Intenté moverme, pero era inútil. Estaba totalmente paralizada. Sentí como poco a poco se erizaba todo el vello de mi piel hasta el punto de hacerme daño; la sensación de ponérseme la piel de gallina me subía desde los pies hasta el cuello, notando incluso como se ponía de punta el pelo de mi cabeza.

Quise gritar -sin saber siquiera por qué, pero quería hacerlo- pero cualquier intento era inútil. Intenté autotranquilizarme -supongo que todo lo que os narro sucedió en pocos segundos, pero lo recuerdo como una eternidad agonizante- y quise gritar de nuevo. De pronto, sentí como si mi cuerpo, que parecía por unos momentos de cristal, de lo rígido que estaba, se relajaba, y conseguí mover no sé qué músculo. De mi garganta salió una especie de ruido gutural, lo más parecido a un grito que pude emitir, y esa sensación de rigidez empezó a remitir. No entendía nada, seguía muy confusa, pero la sensación de miedo hacia aquella cosa extraña -escrito aquí puede parecer una tontería, pero os juro que fue horrible- no cesaba, y yo sólo pensaba "por favor, quiero dormirme, quiero dormirme, quiero dormirme..." Poco más recuerdo de los segundos posteriores, sólo sé que tuve la suerte de dormirme enseguida- de alguna forma quería huir de aquella sensación- y pasé sin pesadillas el resto de la noche.

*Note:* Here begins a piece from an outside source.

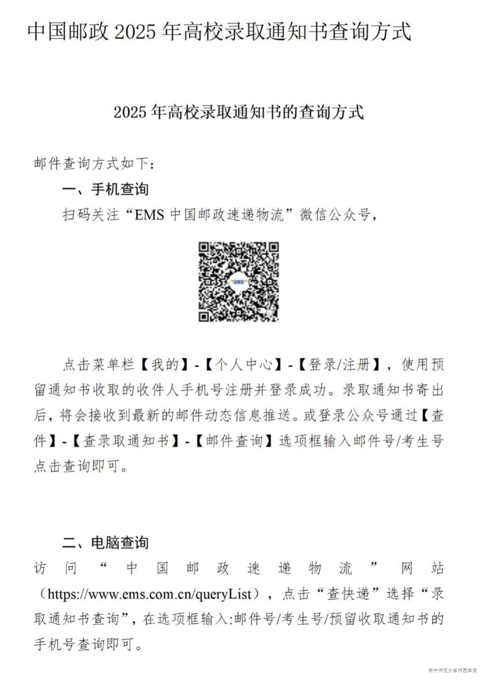 2025年新生录取通知书邮单查询方式

A la mañana siguiente, cuando desperté, recordaba todo perfectamente. De forma confusa se lo conté a mi familia sin saber seguro si había sido parte de un mal sueño. Aunque, con sinceridad, sé que algo raro ocurrió aquella noche. No sé cómo llamarlo, pero estoy totalmente segura de que aquello, fuera lo que fuera, me despertó desde el exterior, y que no formaba parte de una pesadilla. Como os decía al principio, jamás he vuelto a padecer algo parecido; pero me gustaría que si alguien lo lee y ha pasado por alguna experiencia similar la compartiera conmigo, para ver si lo entiendo mejor.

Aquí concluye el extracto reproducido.